Data under study:
+ + + + + + +
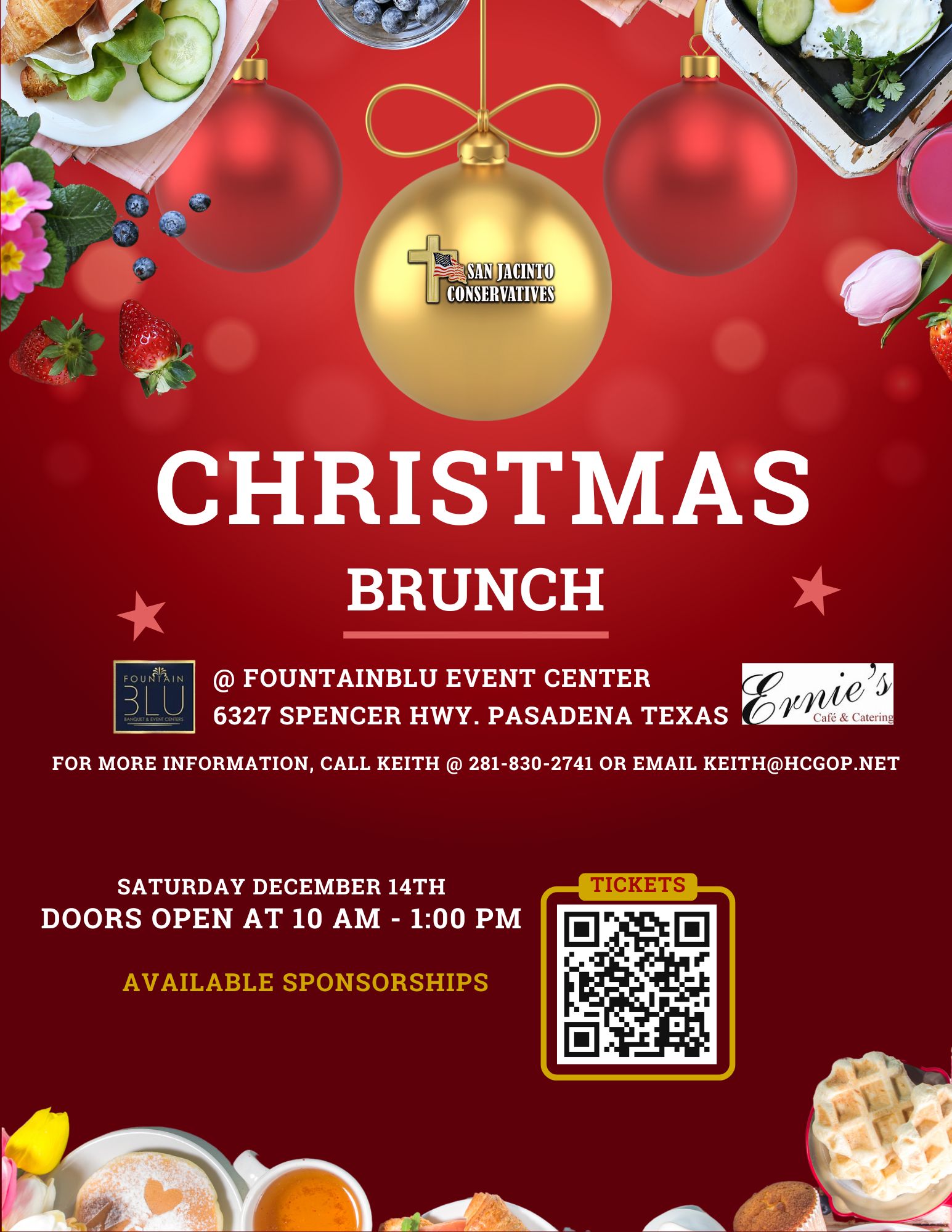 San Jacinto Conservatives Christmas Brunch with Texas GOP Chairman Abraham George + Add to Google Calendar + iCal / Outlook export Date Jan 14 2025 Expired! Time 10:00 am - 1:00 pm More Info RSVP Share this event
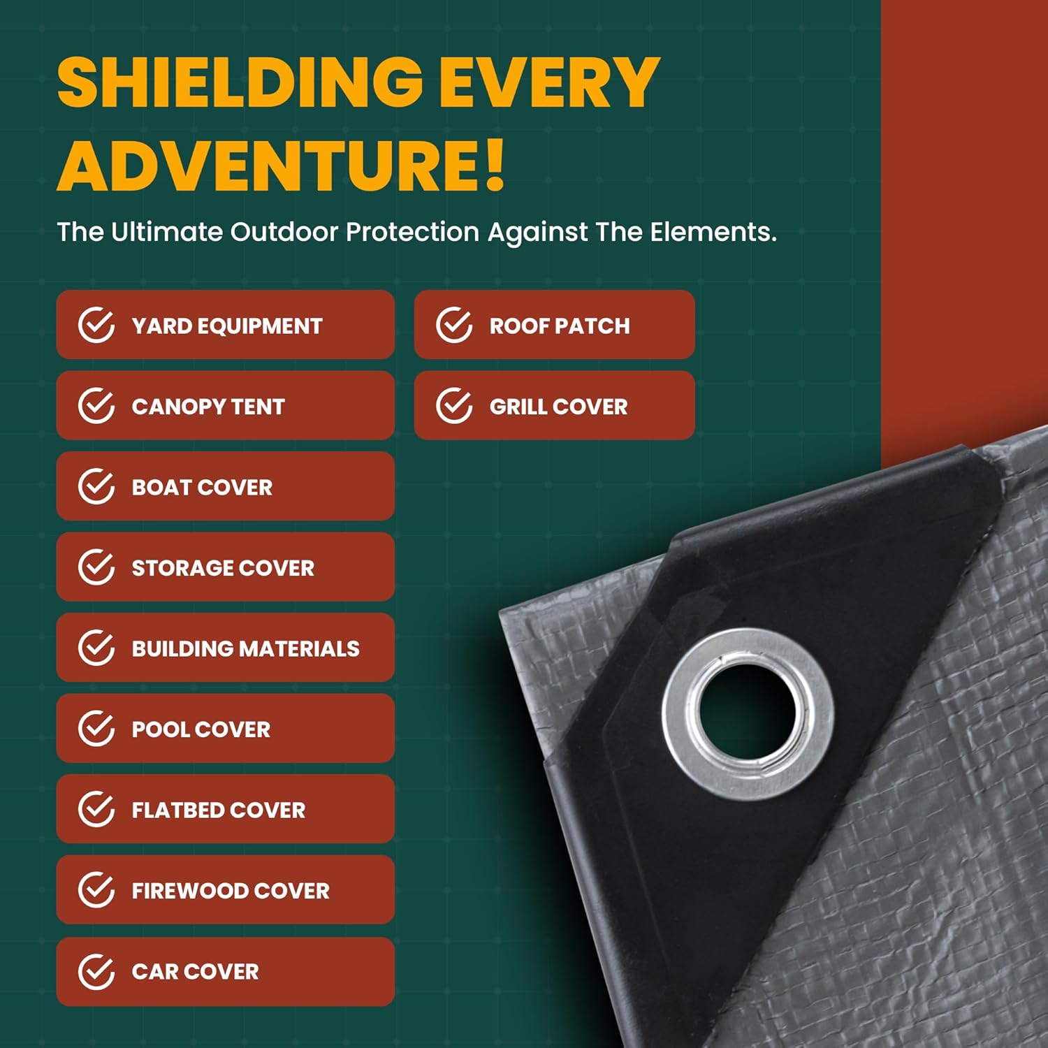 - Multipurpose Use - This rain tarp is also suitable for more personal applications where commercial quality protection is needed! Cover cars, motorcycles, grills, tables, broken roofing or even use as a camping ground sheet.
+ + + + + + +
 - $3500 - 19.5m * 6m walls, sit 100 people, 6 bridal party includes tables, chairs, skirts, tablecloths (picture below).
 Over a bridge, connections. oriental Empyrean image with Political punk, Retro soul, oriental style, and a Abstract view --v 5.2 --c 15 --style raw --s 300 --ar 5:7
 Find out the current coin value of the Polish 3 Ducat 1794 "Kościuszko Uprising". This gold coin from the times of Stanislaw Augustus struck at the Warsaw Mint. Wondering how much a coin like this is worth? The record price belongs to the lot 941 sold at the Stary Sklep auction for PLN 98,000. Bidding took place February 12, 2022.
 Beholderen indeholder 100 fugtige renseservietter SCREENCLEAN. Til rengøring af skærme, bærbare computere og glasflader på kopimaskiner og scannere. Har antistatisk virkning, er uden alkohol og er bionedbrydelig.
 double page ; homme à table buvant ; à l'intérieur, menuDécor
+ + + + + + +
Problem statement:
Repeat, without pictures, exactly the lines of the data above from the one containing "San Jacinto Conservatives" through the one containing "- Multipurpose Use", including both and adding nothing.

Answer to this problem:
 San Jacinto Conservatives Christmas Brunch with Texas GOP Chairman Abraham George + Add to Google Calendar + iCal / Outlook export Date Jan 14 2025 Expired! Time 10:00 am - 1:00 pm More Info RSVP Share this event
 - Multipurpose Use - This rain tarp is also suitable for more personal applications where commercial quality protection is needed! Cover cars, motorcycles, grills, tables, broken roofing or even use as a camping ground sheet.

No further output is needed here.